So I’m in my last year of high school and a couple of months ago I sent my résumé to an IT company.

It so happened that on last two Mondays one employee of said company went to our school to teach us something about how it works “in the trench” (agile methodologies, scrum, if anyone’s familiar with the IT world they’ll probably know about these) and had us do some activities to mimic working in a company with a client.

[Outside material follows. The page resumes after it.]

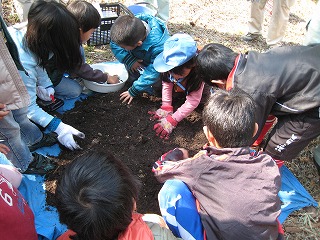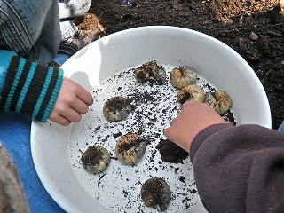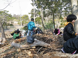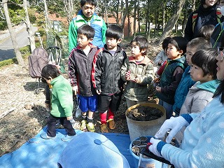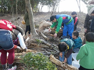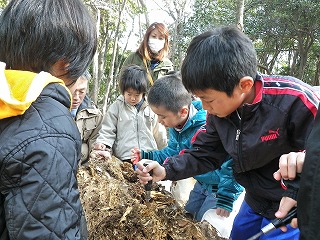 【左】朽ち木の生きもの探し(7) 【中】カブトムシ(幼虫)探し開始 【右】カブトムシ(幼虫)探し

I mentioned to him that I had received no response to my application and he told me he’d look into that. Today my teacher told me he spoke to the guy and he told him they are looking into hiring me part-time, they just need to figure out the burocracy.

That being said, my teacher wanted me to know what the guy told him about me. He said he thinks I have great potential, but my only (his word) flaw is that “I get and process things so fast I get bored easily and stop interacting with the rest of the team.” Basically they both agreed my weak point is teamwork, and I’ve known that for a while. The employee said they’d rather hire 10 mediocre people than 1 excellent one who can’t team up with others.

I told my teacher I’m very excited and looking forward to work on that once I am hired and I’ll make that a priority.

My confession, I guess, is that despite having disregarded this drawback of mine up until now, I’m starting to be seriously worried about how it might interfere with my future career and job life. I truly want to get better at this but I’m not sure how to tackle the issue.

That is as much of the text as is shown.